Fatti, riletture, momenti che non generano certo troppe emozioni, che a molti (il pubblico di giovani) non potranno dire nulla mentre a quanti li hanno vissuti cercheranno di rinfrescare una memoria affievolita e il resoconto di un becero voltafaccia, di rimettere in piedi un uomo che per un decennio è stato il padrone indiscusso dell’Italia, l’esempio incrollabile di egocentrismo, il burattinaio di nani e ballerine come di quella politica passata poi, nel bene e nel male chi può ancora dirlo?, sotto le forche di Mani Pulite. Tutto questo tuttavia Hammamet lo ricostruisce in un eccesso di debolezza, attraverso un accumularsi di quotidiani episodi senza una vera robustezza – che non ci aspetteremmo dal forte autore di Così ridevano e Le chiavi di casa – ed un accattivante fascino, inserendo Amelio e il suo cosceneneggiatore Alberto Taraglio la figura del giovane Fausto, il figlio di un compagno di partito già pronto in uno degli osannanti congressi a base di sventolii di garofani a scoperchiare tutto quanto vi sia di falso e malato (finirà suicida), un giovane che armato di una piccola telecamera inquadra Craxi e ne cattura i pensieri e le confessioni e le recriminazioni, se ne fa memoria e portavoce. Quel rimpicciolire lo schermo in un nuovo formato è l’espediente di Amelio per staccare quelle parole dal contesto, per prendere le distanze dai fatti, per sottolineare ancora una volta “non ho mai votato socialista e non sono mai stato craxiano”: sarà, ma, con quel suo non esprimere giudizi definitivi, dal suo disegno il personaggio ne esce quasi in termini affettuosi e di comprensione, non s’è certo fatto ricorso ad un bisturi che abbia la rabbiosa consapevolezza di andare fino in fondo, geometricamente, a scoprire il marcio (e a non offendere il salvabile), non s’è certo compiuto un’azione mirabile come quella di Sorrentino, addentratosi nell’arcipelago Andreotti.

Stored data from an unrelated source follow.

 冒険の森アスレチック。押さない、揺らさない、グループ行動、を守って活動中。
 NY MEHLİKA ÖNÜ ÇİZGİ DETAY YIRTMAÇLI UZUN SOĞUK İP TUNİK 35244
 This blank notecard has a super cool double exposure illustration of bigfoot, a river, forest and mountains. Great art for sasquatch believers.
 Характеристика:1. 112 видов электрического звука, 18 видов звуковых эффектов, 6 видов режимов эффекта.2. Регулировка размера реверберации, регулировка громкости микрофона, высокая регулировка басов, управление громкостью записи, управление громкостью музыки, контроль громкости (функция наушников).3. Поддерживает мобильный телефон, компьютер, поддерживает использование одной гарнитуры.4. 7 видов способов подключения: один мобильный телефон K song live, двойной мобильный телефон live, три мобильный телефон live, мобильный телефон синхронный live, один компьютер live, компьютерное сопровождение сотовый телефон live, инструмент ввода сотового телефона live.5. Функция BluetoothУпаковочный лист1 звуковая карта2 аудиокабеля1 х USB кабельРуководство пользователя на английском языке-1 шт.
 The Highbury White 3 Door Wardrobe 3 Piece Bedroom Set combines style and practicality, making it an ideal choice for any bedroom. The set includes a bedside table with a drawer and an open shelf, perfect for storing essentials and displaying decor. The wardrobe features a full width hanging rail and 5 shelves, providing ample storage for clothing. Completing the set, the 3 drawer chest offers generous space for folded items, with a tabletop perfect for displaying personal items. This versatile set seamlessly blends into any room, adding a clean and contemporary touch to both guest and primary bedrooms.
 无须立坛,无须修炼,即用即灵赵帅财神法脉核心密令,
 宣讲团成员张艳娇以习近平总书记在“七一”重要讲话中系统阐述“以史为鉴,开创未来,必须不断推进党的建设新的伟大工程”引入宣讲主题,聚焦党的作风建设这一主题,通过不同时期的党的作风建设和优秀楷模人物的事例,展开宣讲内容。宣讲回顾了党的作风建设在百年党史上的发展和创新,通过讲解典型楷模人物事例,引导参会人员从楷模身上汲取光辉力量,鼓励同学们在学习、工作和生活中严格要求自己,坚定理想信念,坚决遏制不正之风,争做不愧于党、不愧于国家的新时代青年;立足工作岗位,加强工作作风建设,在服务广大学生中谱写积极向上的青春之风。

Hammamet soffre di personalissima debolezza, di un ritratto schizzato male e non chiarisce né la memoria né le idee a nessuno. Quella schermatura di anonimato – nessuno ha nome, eccetto la figlia, ma s’è detto storpiato – denuncia la mancanza di una storica robustezza che avrebbe senz’altro accresciuto il documento e la sua chiarezza: si fanno addirittura dei passi indietro nel finale, tra sogni di bassa lega, con l’incontro del protagonista a piedi scalzi sui tetti del duomo di Milano con la figura paterna (l’ultima prova di quel grande attore di cinema e di teatro – le sue interpretazioni allo Stabile di Genova! – che è stato Omero Antonutti) o con i due guitti, lui esile marionetta scomposta. Se ancora ce ne fosse bisogno, ti accorgi quanto il film si regga – “sia” – sulla impareggiabile e imperdibile interpretazione di Pierfrancesco Favino (quanti premi gli andranno a fine stagione?), che non soltanto con l’aiuto del trucco prostetico di Andrea Leanza si è appropriato appieno dei tratti visivi di Bettino Craxi: ma lascia sbalorditi quanto l’attore abbia lavorato in piena autonomia ed in grande saggezza sulla voce, sulle pause, sulle intonazioni, sul testone sghembo, su certe posizioni del corpo, delle mani che le immagini, ancora in occasione dei vent’anni dalla morte del politico in questi giorni sugli schermi televisivi, ci ridanno. Una immedesimazione superbia e singolare, che ha il potere di “guastare”, di allontanare, di far passare in secondo piano l’intera struttura drammaturgica del film.